Description of problem: When running VM with vGPU instance, after powering VM off and running it again, VM failed to run with java NPE in engine.log: 2020-12-08 11:53:40,254+02 ERROR [org.ovirt.engine.core.vdsbroker.CreateVDSCommand] (EE-ManagedThreadFactory-engine-Thread-47374) [] Failed to create VM: java.lang.NullPointerException - A workaround for this issue is to edit VM -> disable pinned to host -> save changes. edit VM -> pin VM to host -> save changes. and run VM again. Version-Release number of selected component (if applicable): ovirt-engine-4.4.4.3-0.5.el8ev qemu-kvm-5.1.0-14.module+el8.3.0+8790+80f9c6d8.1.x86_64 vdsm-4.40.39-1.el8ev.x86_64 libvirt-daemon-6.6.0-7.1.module+el8.3.0+8852+b44fca9f.x86_64 Nvidia drivers for host and VM: grid12.0_beta host: NVIDIA-vGPU-rhel-8.3-460.26.x86_64 VM: NVIDIA-Linux-x86_64-460.26-grid.run How reproducible: inconsistently Steps to Reproduce: 1. Run VM with vGPU instance, install Nvidia drivers on the VM. 2. Power off VM and run VM again. 3. Actual results: VM failed to run.

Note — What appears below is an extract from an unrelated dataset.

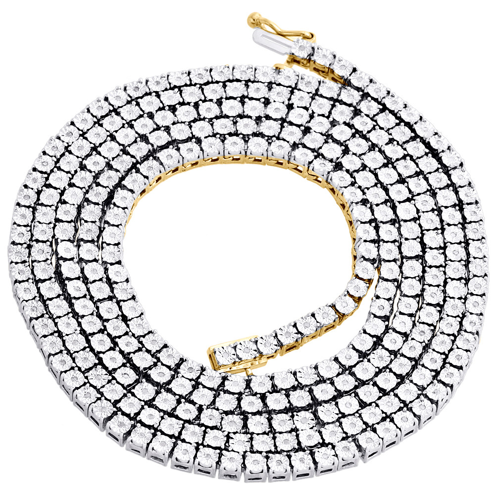 - Mens 1 Row Necklace Diamond Tennis Link Choker Chain 20" Sterling Silver 0.60 CT.

Expected results: VM should run with Nvidia instance. Additional info: vdsm.log and engine.log (2020-12-08 11:53:40,254+02 ERROR) attached.
Created attachment 1737561 [details] engine.log
Created attachment 1737562 [details] vdsm.log
Created attachment 1737563 [details] VM QEMU log
The VM failed to start due to NPE getting the host device capability. When we try to write the max memory value to the domain we calculate the NVDIMM, if exists. For that we pass on the host devices and search for it: (VmInfoBuildUtils::getNvdimmTotalSize) if (hostDevice.getCapability().equals("nvdimm")) But if the capability is null, we will get that NPE. From the engine log it looks like the problematic one is `hostdev0`, which is the MDEV host device. The question is whether it's OK not having capability for MDEV or not. Or, if some kernel modules are not loaded which can cause it.
Thanks to Nisim I could debug his environment. The problem is that mdev is an host device but the engine doesn't know of. It is on the VM devices and when trying to do: HostDevice hostDevice = hostDevicesSupplier.get().get(device.getDevice()); The hostDevice will be null. We should check the device exists before checking if it's nvdimm.
Verified: ovirt-engine-4.4.4.5-0.10.el8ev vdsm-4.40.40-1.el8ev.x86_64 qemu-kvm-5.1.0-14.module+el8.3.0+8790+80f9c6d8.1.x86_64 libvirt-daemon-6.6.0-7.1.module+el8.3.0+8852+b44fca9f.x86_64 Nvidia drivers for host and VM: grid12.0_beta host: NVIDIA-vGPU-rhel-8.3-460.26.x86_64 VM: NVIDIA-Linux-x86_64-460.26-grid.run
This bugzilla is included in oVirt 4.4.4 release, published on December 21st 2020. Since the problem described in this bug report should be resolved in oVirt 4.4.4 release, it has been closed with a resolution of CURRENT RELEASE. If the solution does not work for you, please open a new bug report.